## Information

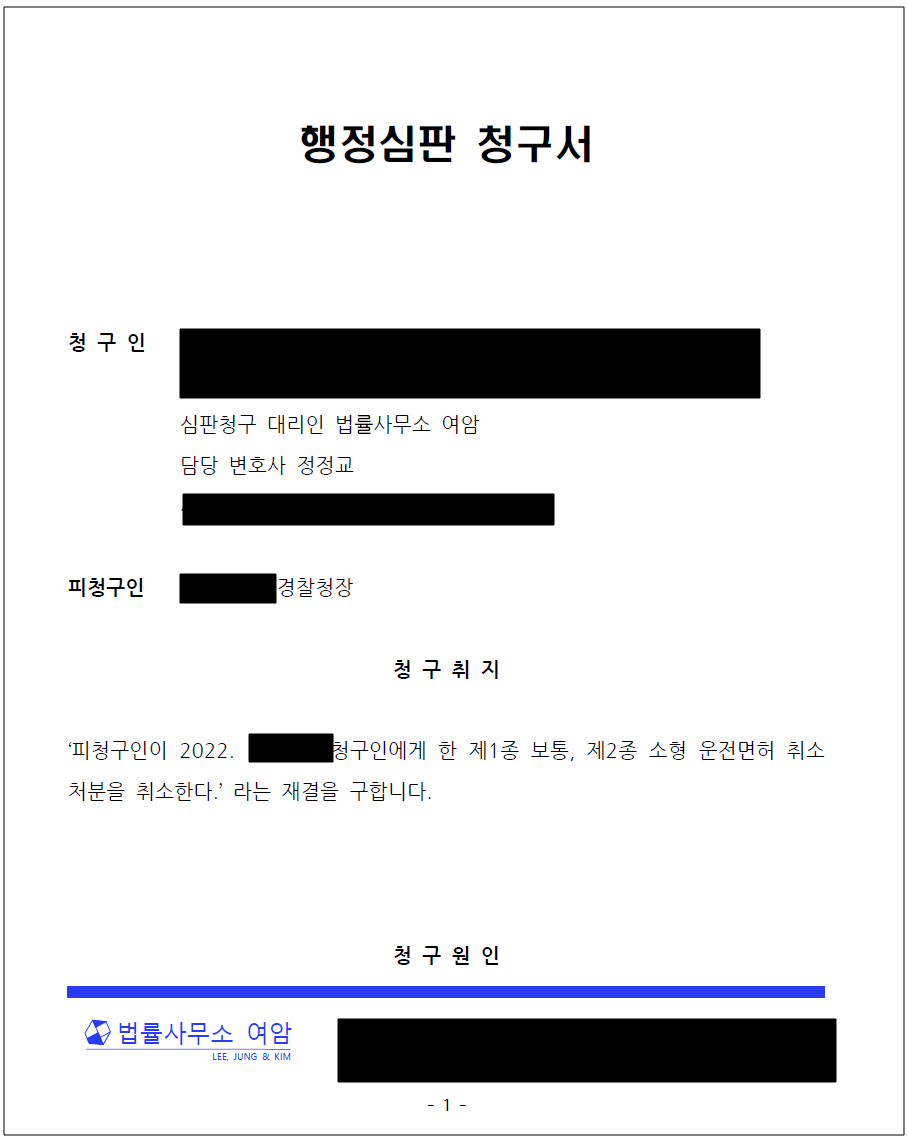 - 이에 따라 정정교 변호사는 신속하게 행정심판부터 준비하였습니다. 행정심판위원회는 정부 기관으로서 사법기관이 아니기 때문에 법리적인 판단이 다소 약한 것이 사실이기 때문에, 이 사건의 특성상 행정심판을 통해 구제받기는 어려울 것으로 판단했습니다.
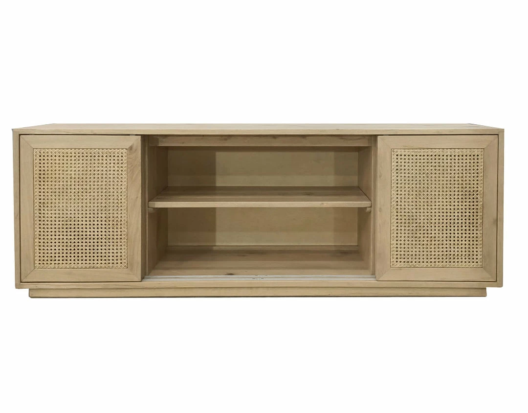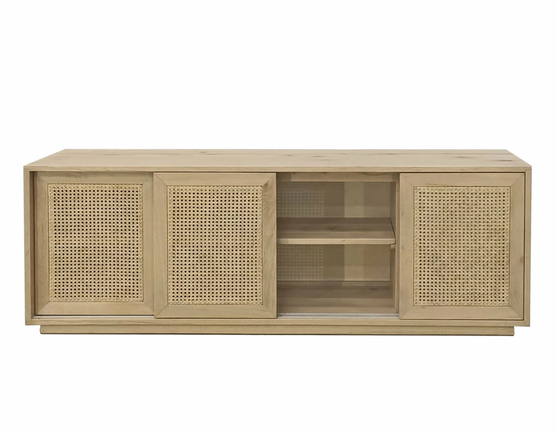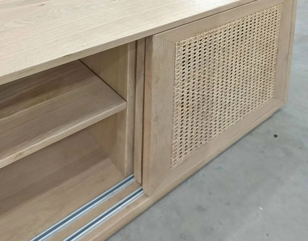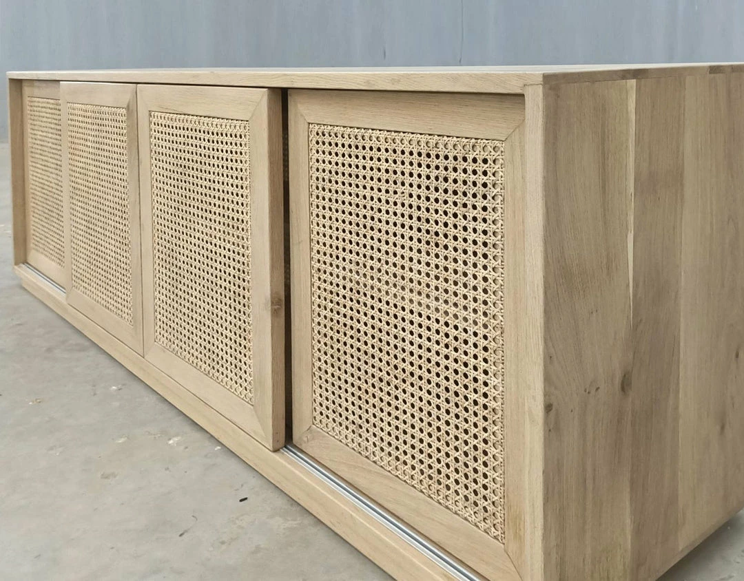 - Rattan insert sliding doors on metal tracking for smooth closing.
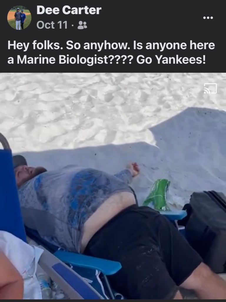 Me: Hey folk so anyhow. Is anybody here a marine biologist? Is anybody a marine biologist? We’ve got a, beached whale over here. Hello! Hello! Folks, I’m telling you what, when the Phillip’s are down here, I don’t need to think about doing videos or come up with funny things. All I gotta do is make sure I have my camera handy. No commentary needed folks. Bless his heart. Be good folks. Go Yankees!
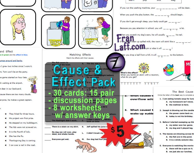 Within this pack there are 30 cards (15 pair of cause & effect "before & after" cards), 2 pages of discussion questions that go with the cards, plus 8 different colorful and fun worksheets with full-size answer keys.
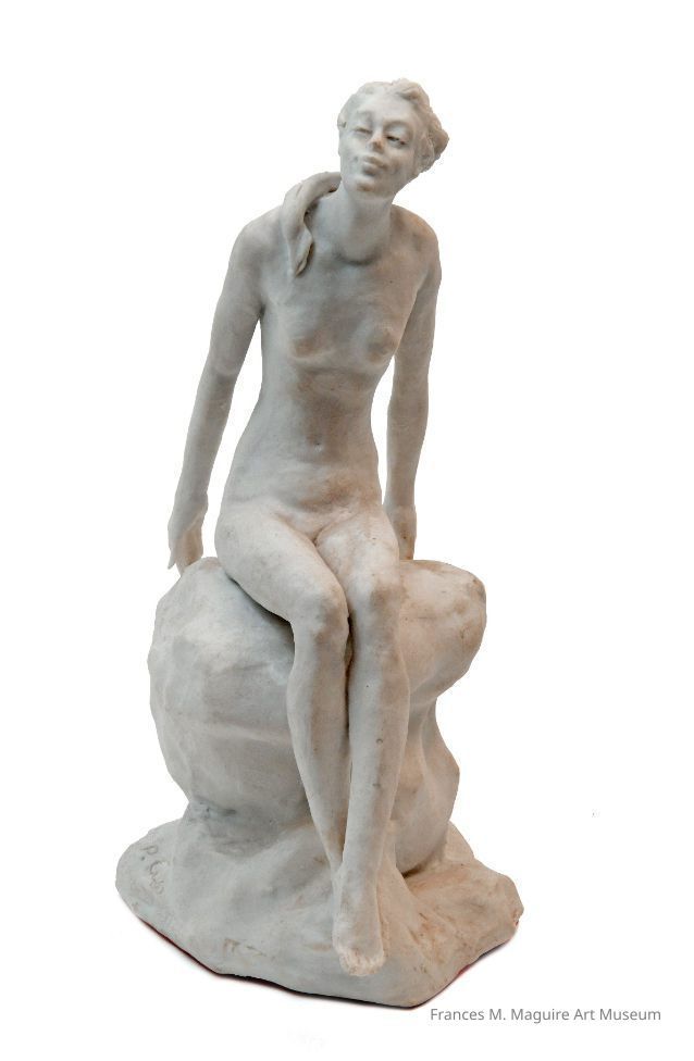 Porcelain sculpture depicting a nude woman sitting on a rock.Made/Created

## Task instructions
Please output all the records above exactly, leaving out every picture.

## Output of the task
 - 이에 따라 정정교 변호사는 신속하게 행정심판부터 준비하였습니다. 행정심판위원회는 정부 기관으로서 사법기관이 아니기 때문에 법리적인 판단이 다소 약한 것이 사실이기 때문에, 이 사건의 특성상 행정심판을 통해 구제받기는 어려울 것으로 판단했습니다.
 - Rattan insert sliding doors on metal tracking for smooth closing.
 Me: Hey folk so anyhow. Is anybody here a marine biologist? Is anybody a marine biologist? We’ve got a, beached whale over here. Hello! Hello! Folks, I’m telling you what, when the Phillip’s are down here, I don’t need to think about doing videos or come up with funny things. All I gotta do is make sure I have my camera handy. No commentary needed folks. Bless his heart. Be good folks. Go Yankees!
 Within this pack there are 30 cards (15 pair of cause & effect "before & after" cards), 2 pages of discussion questions that go with the cards, plus 8 different colorful and fun worksheets with full-size answer keys.
 Porcelain sculpture depicting a nude woman sitting on a rock.Made/Created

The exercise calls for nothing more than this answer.